-- Extracted information follows --

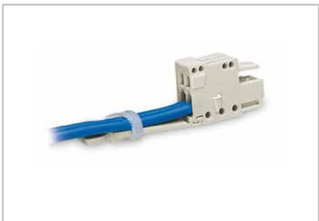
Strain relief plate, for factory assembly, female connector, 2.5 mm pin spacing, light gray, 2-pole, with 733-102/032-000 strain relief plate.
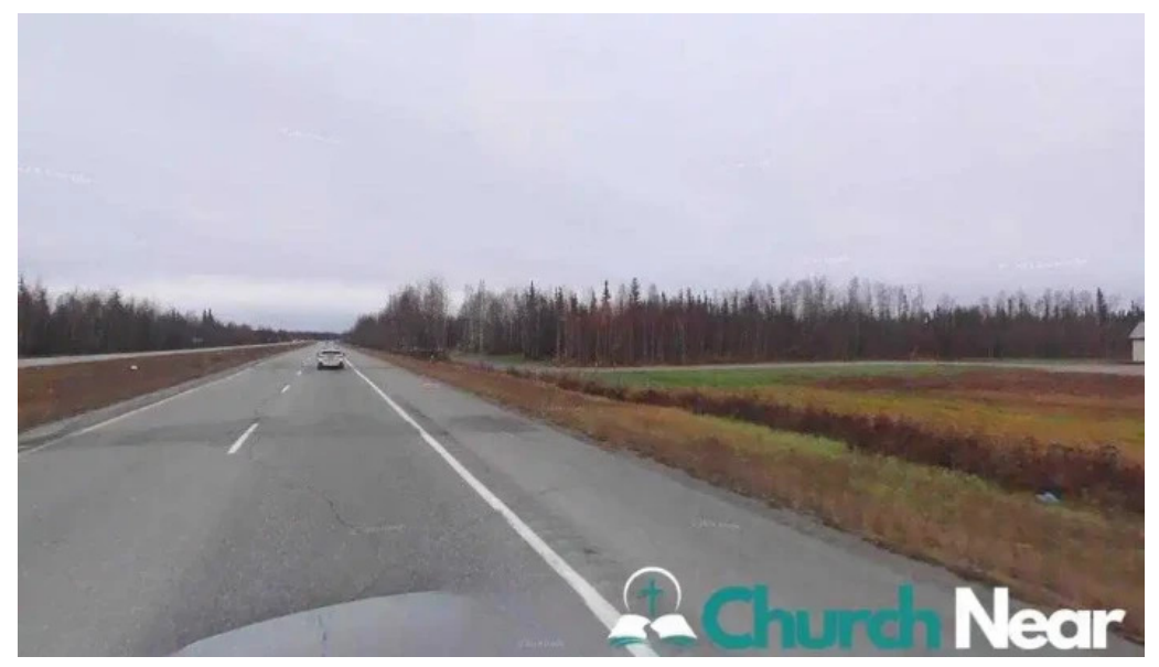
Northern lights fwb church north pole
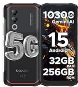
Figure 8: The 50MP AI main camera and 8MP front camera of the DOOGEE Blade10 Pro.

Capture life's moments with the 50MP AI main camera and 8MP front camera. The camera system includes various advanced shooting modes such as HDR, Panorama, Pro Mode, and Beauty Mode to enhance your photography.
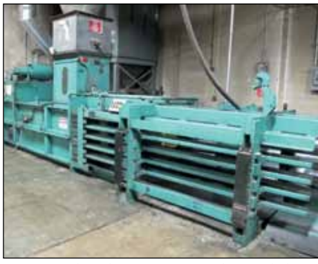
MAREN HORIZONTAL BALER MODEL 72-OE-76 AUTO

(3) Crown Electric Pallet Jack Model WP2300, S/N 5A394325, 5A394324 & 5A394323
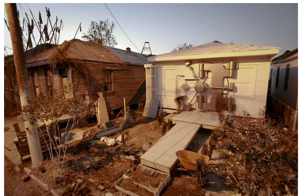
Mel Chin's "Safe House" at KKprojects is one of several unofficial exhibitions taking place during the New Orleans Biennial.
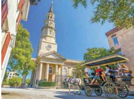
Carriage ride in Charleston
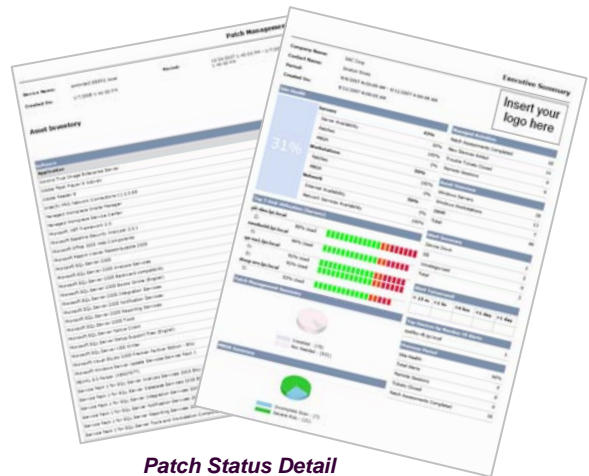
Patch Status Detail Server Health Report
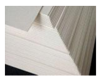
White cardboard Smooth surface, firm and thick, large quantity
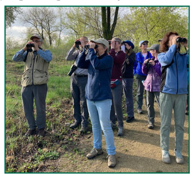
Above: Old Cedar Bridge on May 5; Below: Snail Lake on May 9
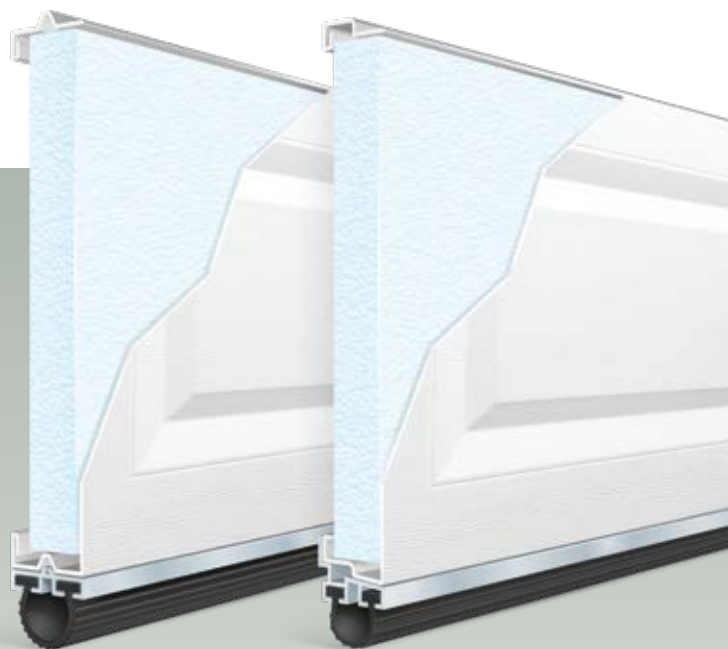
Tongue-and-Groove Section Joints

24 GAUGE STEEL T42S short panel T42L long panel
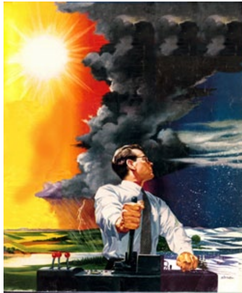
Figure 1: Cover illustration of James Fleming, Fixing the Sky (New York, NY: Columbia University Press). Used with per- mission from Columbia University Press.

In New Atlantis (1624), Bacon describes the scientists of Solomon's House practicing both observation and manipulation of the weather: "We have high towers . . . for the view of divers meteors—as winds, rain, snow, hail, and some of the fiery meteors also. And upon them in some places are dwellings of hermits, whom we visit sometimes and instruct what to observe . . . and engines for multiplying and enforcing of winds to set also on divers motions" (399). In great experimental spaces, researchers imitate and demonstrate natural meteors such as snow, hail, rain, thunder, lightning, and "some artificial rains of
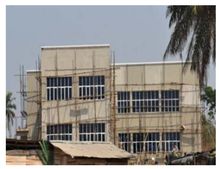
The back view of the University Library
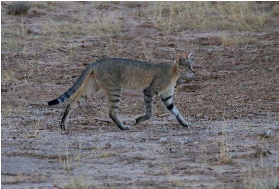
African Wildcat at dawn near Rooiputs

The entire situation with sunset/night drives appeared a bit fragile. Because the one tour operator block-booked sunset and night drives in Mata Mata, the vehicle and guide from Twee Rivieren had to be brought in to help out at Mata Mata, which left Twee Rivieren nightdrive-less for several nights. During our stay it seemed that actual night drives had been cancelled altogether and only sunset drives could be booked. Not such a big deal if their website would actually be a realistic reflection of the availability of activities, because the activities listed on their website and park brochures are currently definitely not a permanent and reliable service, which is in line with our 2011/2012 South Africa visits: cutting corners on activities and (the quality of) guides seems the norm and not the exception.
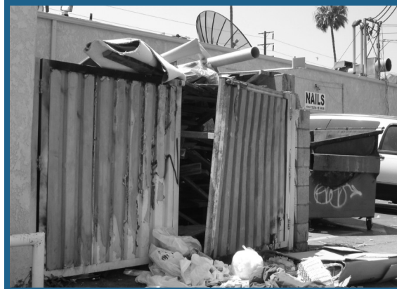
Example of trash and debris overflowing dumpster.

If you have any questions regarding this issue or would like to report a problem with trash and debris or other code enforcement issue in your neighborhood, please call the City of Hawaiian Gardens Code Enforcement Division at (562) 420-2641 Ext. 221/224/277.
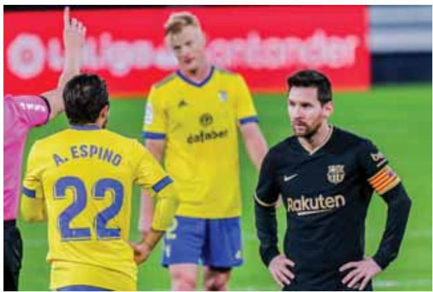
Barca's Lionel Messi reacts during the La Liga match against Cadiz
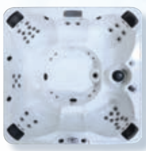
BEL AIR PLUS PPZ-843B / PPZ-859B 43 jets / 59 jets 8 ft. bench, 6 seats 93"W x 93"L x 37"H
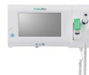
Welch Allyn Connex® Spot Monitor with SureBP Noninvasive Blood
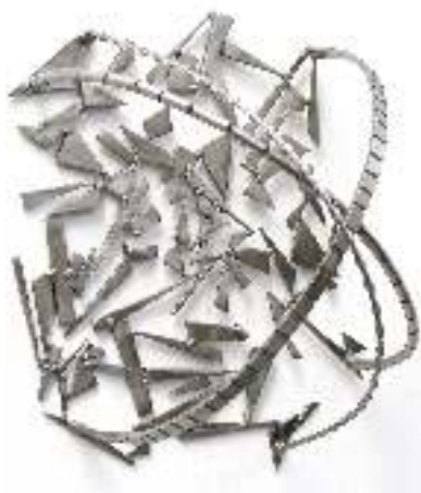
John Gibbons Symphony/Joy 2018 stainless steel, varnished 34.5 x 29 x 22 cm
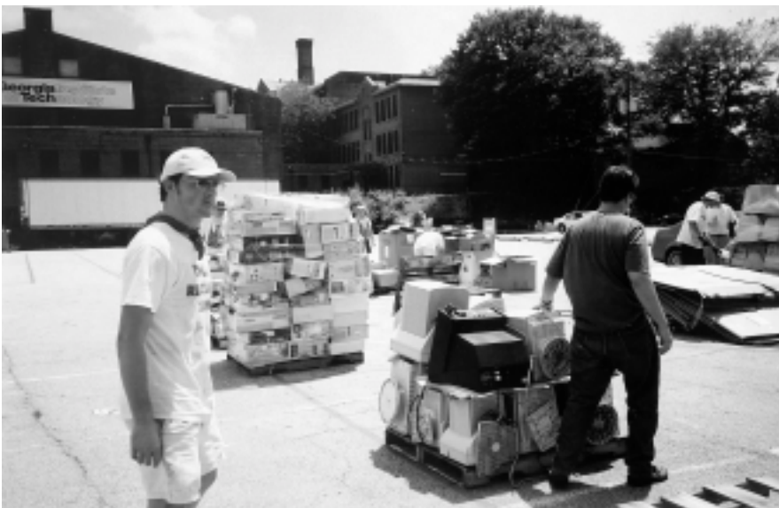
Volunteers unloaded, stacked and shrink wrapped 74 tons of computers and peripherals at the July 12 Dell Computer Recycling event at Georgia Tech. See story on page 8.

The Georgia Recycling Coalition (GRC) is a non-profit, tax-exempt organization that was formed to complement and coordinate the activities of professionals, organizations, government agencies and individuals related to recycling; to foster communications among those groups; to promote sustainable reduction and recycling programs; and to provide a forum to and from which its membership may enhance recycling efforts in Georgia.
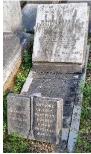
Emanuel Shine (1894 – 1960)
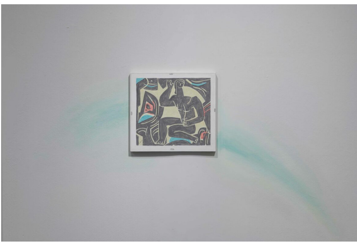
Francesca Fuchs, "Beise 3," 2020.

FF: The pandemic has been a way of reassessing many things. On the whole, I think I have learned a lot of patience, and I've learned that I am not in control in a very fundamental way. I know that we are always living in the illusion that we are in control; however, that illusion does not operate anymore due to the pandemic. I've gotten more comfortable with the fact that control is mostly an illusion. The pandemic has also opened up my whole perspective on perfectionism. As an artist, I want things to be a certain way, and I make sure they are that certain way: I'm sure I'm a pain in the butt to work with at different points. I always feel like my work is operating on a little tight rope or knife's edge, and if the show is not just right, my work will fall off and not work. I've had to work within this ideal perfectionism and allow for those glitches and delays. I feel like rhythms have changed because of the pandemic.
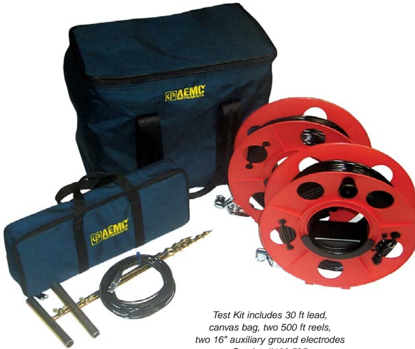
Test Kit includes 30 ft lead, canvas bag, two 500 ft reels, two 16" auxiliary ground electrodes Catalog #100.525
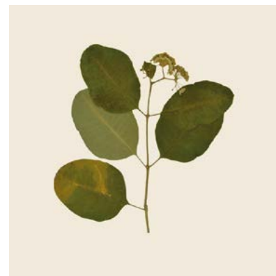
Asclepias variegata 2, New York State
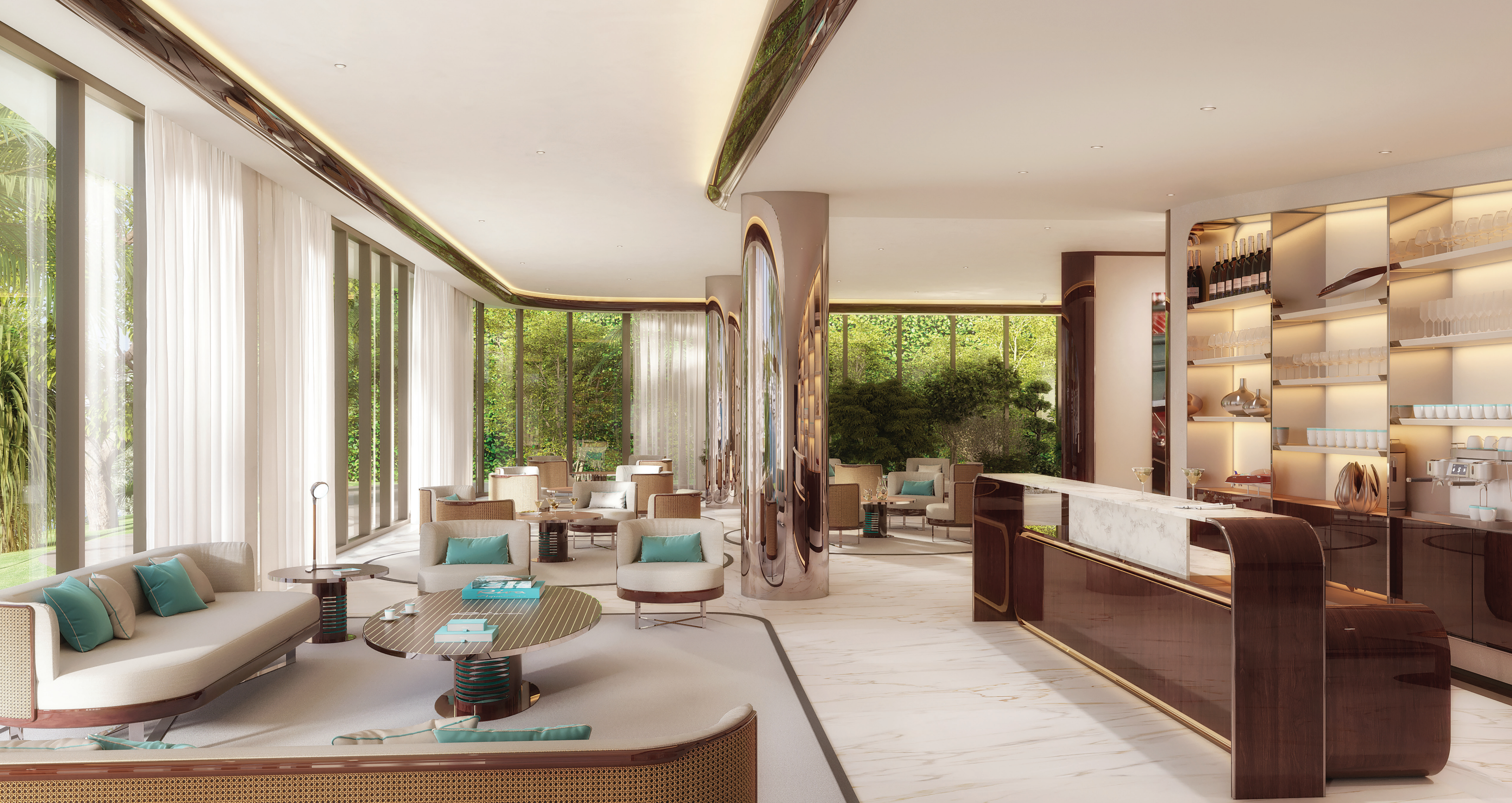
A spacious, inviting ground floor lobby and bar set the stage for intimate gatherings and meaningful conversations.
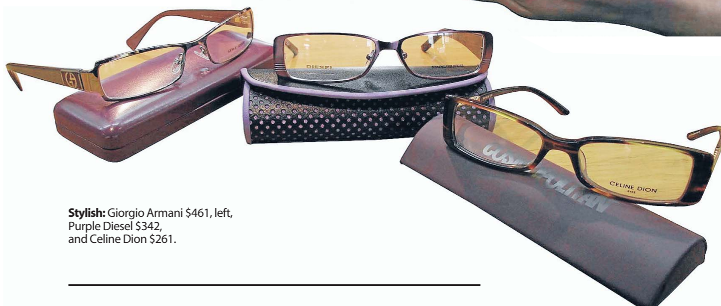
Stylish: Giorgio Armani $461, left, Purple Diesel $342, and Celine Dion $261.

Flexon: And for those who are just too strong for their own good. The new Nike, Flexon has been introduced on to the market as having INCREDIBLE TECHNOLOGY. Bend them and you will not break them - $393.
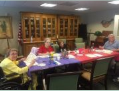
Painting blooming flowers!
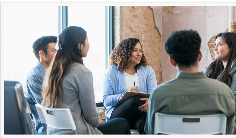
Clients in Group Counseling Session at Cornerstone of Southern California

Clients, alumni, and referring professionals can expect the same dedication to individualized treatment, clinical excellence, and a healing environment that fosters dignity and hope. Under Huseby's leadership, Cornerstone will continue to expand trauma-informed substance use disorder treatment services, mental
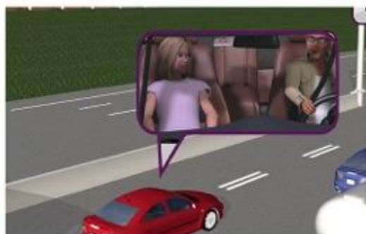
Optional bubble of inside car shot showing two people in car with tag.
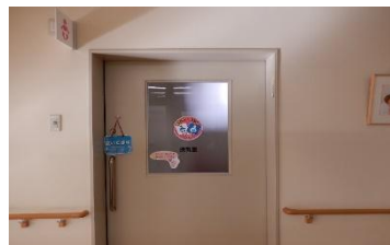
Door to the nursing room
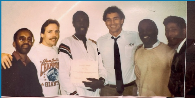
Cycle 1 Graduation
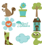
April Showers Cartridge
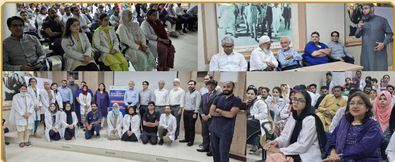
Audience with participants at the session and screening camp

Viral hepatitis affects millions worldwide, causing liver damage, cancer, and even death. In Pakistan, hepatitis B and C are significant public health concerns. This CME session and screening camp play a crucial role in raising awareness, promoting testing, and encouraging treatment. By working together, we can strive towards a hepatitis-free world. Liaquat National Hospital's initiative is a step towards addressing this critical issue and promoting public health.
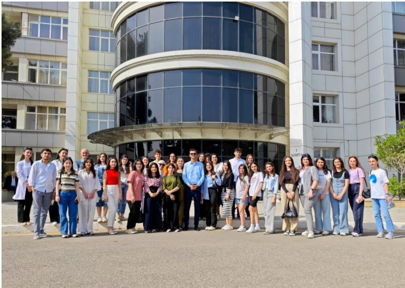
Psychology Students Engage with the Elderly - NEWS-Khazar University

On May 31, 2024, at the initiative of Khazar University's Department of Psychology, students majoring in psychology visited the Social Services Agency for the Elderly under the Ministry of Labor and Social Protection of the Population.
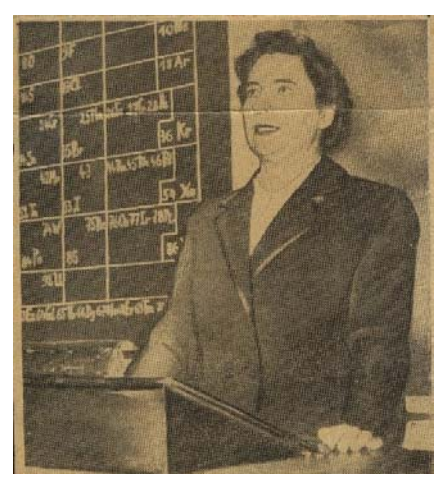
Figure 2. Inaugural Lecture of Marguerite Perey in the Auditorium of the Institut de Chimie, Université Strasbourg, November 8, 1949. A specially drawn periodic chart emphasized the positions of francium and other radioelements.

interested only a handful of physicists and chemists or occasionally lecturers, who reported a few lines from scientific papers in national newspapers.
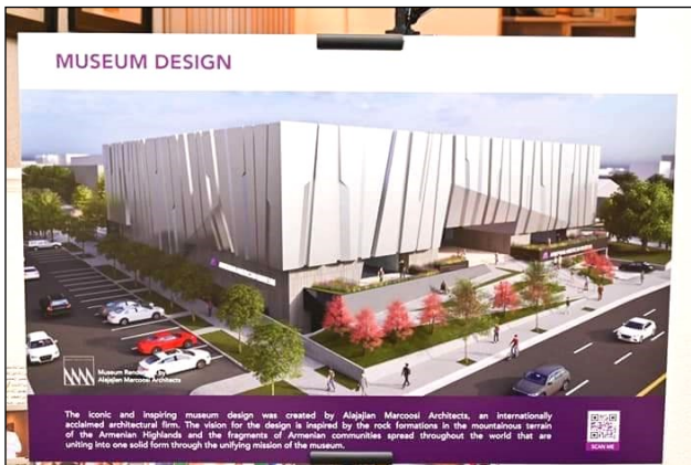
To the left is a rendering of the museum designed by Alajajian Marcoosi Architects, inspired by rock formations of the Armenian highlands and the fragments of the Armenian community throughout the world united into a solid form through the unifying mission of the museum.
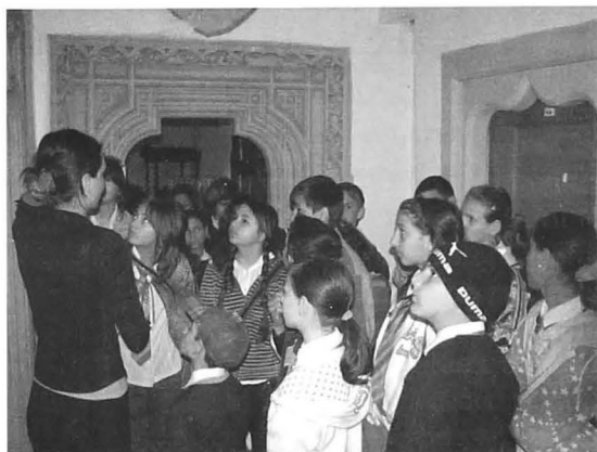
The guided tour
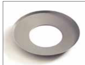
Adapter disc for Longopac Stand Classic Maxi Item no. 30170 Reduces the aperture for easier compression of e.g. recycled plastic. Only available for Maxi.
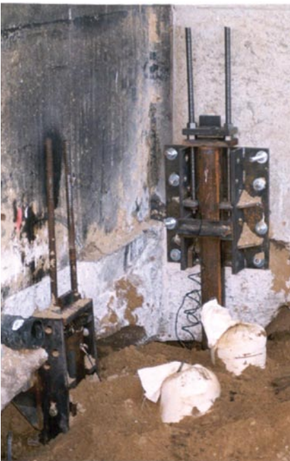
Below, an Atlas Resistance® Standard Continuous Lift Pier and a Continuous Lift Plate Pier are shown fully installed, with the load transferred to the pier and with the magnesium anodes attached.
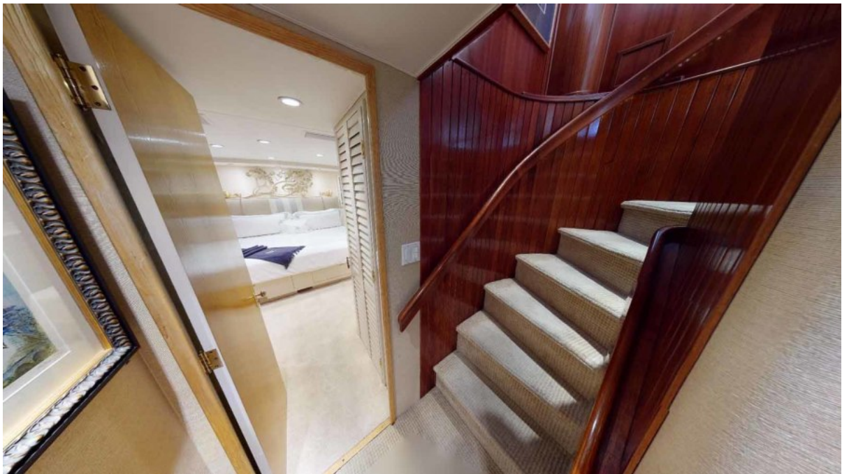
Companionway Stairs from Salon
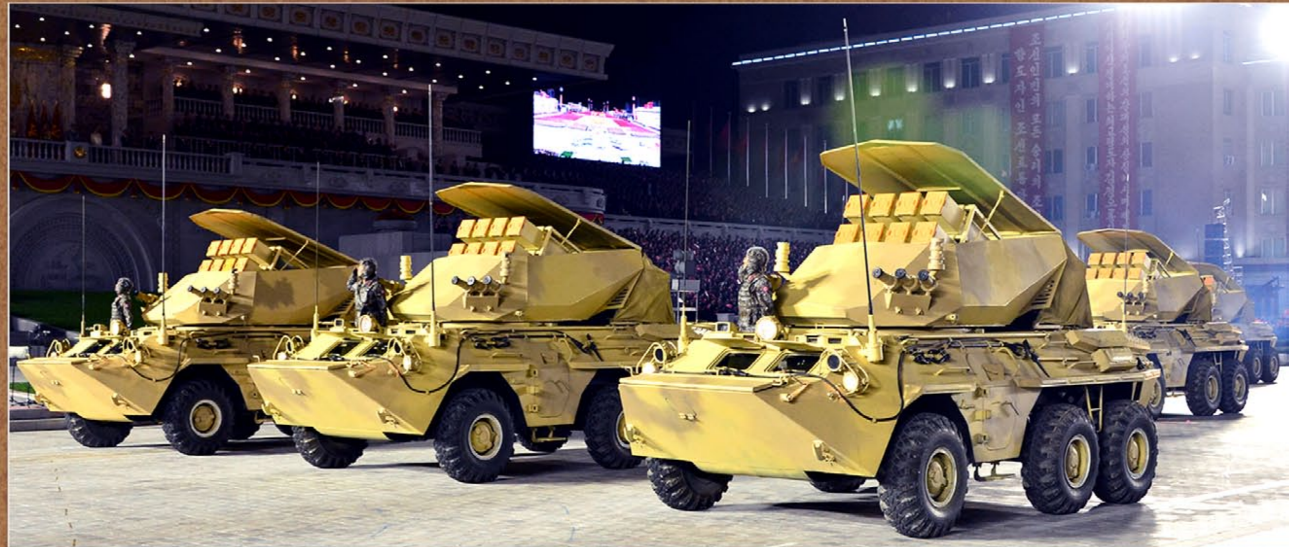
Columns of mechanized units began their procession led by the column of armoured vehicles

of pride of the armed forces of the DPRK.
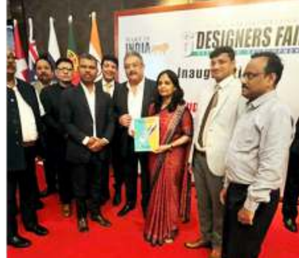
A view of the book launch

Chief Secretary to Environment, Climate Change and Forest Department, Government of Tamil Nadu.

-- Extracted information concluded --

• What the task requires:
Where the string "York" appears in a line of the entries, that line counts; state the total number of such lines and nothing else.

• Finished task:
2